- Born: Queens, New York, U.S.
- Education: Stony Brook University; Pratt Institute; Reconstructionist Rabbinical College;
- Occupation: Rabbi
- Spouse: Jack Kessler
- Website: marciaprager.com

= Marcia Prager =

American rabbi

Marcia Prager is an American rabbi, teacher and spiritual leader. She was Director and Dean of the Aleph Ordination Program (now Emerita), and rabbi of the P'nai Or Jewish Renewal community in Mount Airy, Philadelphia.

==Early life and education==
Prager was raised in the Orthodox tradition in Queens, New York. She received a degree from Stony Brook University, an MFA from the Pratt Institute and taught college-level photography classes. In 1984 she moved to Philadelphia, graduating from the Reconstructionist Rabbinical College in 1989.

==Rabbinic career==
In addition to serving as rabbi of P'nai Or of Philadelphia, Prager was also the founding rabbi of a sister congregation, P'nai Or of Princeton, New Jersey, where she served for thirteen years. In 1990, she also received personal semikhah from Rabbi Zalman Schachter-Shalomi (Reb Zalman) with whom she worked to advance the Jewish Renewal movement until his death in 2014.

Her work involves exploration of Jewish prayer and spiritual practice. Towards that end, she authored and edited the P’nai Or Siddur for Shabbat and Machzor for Rosh Hashanah and Yom Kippur, which she designed to support a deeper worship experience. Many of the Hebrew prayers have been translated into English in a way they can be sung to the prayer's nusach (melody). She is co-director with Rabbi Shawn Zevit of the Davvenen' Leadership Training Institute (DLTI), a two-year training program for rabbis, cantors and lay leaders in public prayer. Daven is a Yiddish word for Jewish prayer. She has been quoted for her Jewish Renewal-inspired teachings.

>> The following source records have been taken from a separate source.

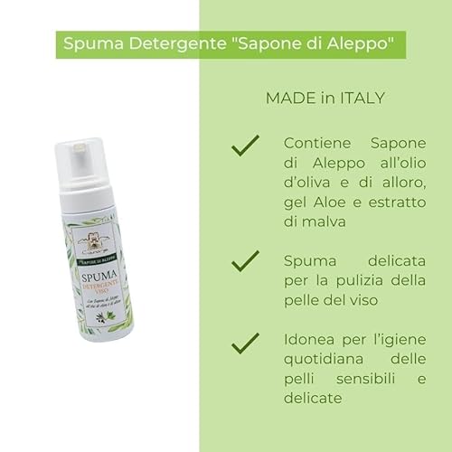 ✅La schiuma viso detergente mousse Contiene Sapone di Aleppo - gel aloe - estratto di malva. Questi 3 ingredienti sono un mix perfetto per pulire a fondo anche le pelli più delicate
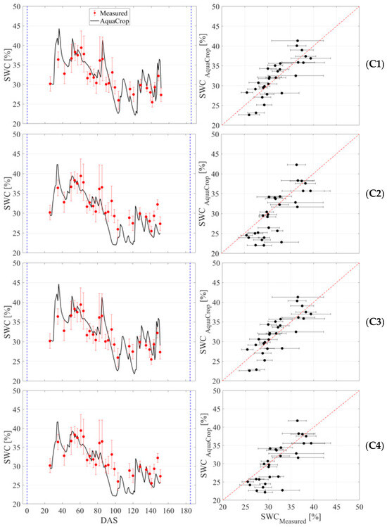 Simulated (red dots with red standard deviation bars of the nine field measurements) and observed (black lines) soil water content (SWC) time series (left panels) and SWCmeasured vs. SWCAquaCrop scatterplots (right panels) under the four input combinations (C1–C4); (C1) in situ and measured-gCC; (C2) E5L and measured-gCC; (C3) in situ and NDVI-gCC; (C4) E5L and NDVI-gCC; the blue dashed lines on the time series indicate the sowing and the harvest timing, whereas on the right panels, the 1:1 (perfect match) is shown with dashed red lines.
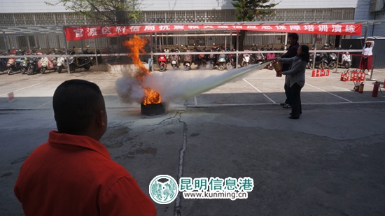 在演练的第二阶段,中国电信昆明官渡分公司特邀的消防人员现场为参训人员讲解灭火器的知识,演示灭火器的使用,全体参演人员现场使用灭火器进行灭火练习。
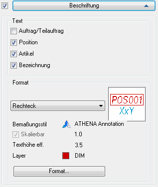 Die effektive Texthöhe wird berechnet aus der Texthöhe des Bemaßungsstils und dem Beschriftungsmaßstab bzw. der Skalierung der Bemaßung.
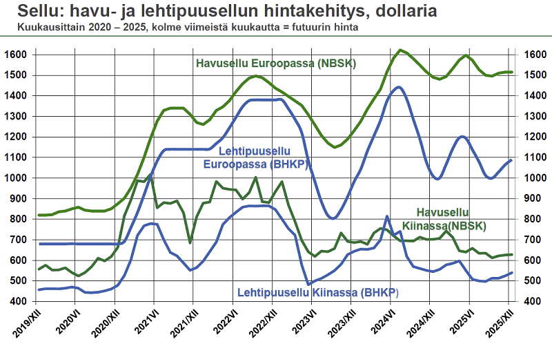 Vuoden 2025 viimeisen neljänneksen lyhytkuituisen lehtipuusellun futuurihinnat Euroopassa (+3,0 prosenttia) ja Kiinassa (+4,4 prosenttia) ovat pienessä nousussa verrattuna vuoden 2024 kolmanteen neljännekseen, mutta laskua on kertynyt Euroopassa 2,8 prosenttia ja Kiinassa 4,8 prosenttia vuoden takaiseen eli vuoden 2024 neljänteen neljännekseen.
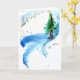 Senden Sie einen herzlichen Gruß und die Jahreszeit mit diesem wunderschönen Weihnachtsbaum, der inmitten eines winterlichen Meeres von Bäumen scheint. Original Gemälde in Gouache und Pastellfarben von Anne Bell.
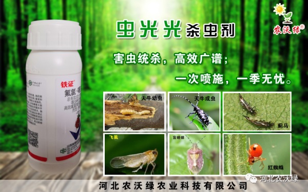 措施:蟲害防治可噴施農沃綠蟲光光殺蟲劑,主要防治所有刺吸式口器和咀嚼式口器害蟲,包括天牛成蟲和幼蟲、盲蝽蟓、飛虱、薊馬、蚜蟲、甲蟲、潛葉蛾、松毛蟲、紅蜘蛛、葉蟬等等。2小時開始死蟲,24小時后達到較大防治效果。根腐病害可以使用農沃綠根腐靈灌根使用,以菌治菌,防治結合,活化根系,增強根系吸收營養(yǎng)能力,使植株生長健壯,減少病害的發(fā)生。

Her book The Path of Blessing: Experiencing the Energy and Abundance of the Divine aims to provide an introduction to Jewish Renewal. Her other publications include the chapter “Live With the Times: Spiritual Direction and the Cycle of Holy Time,” in Jewish Spiritual Direction: An Innovative Guide from Traditional and Contemporary Sources and “Friendship Counts Most,” the epilogue chapter in Interfaith Dialogue at the Grass Roots.
Prager has worked to promote Jewish inter-denominational and interfaith dialogue, teaching classes in Jewish spirituality in Philadelphia and at Isabella Freedman Jewish Retreat Center in Connecticut, as well as at Quaker Meetings including Pendle Hill Quaker Center for Study and Contemplation in Pennsylvania. Upon completing her rabbinic studies, she did additional training in individual, family and group psychotherapy.
On Tikkun Magazines 25th anniversary in 2011, Rabbi Prager was awarded the Tikkun Prize in recognition for her work with the Aleph Ordination Program. She was included in Letty Cottin Pogrebin's 2007 list The Other Fifty Rabbis in America, and in a 2010 list of "America's most inspiring rabbis" by The Forward.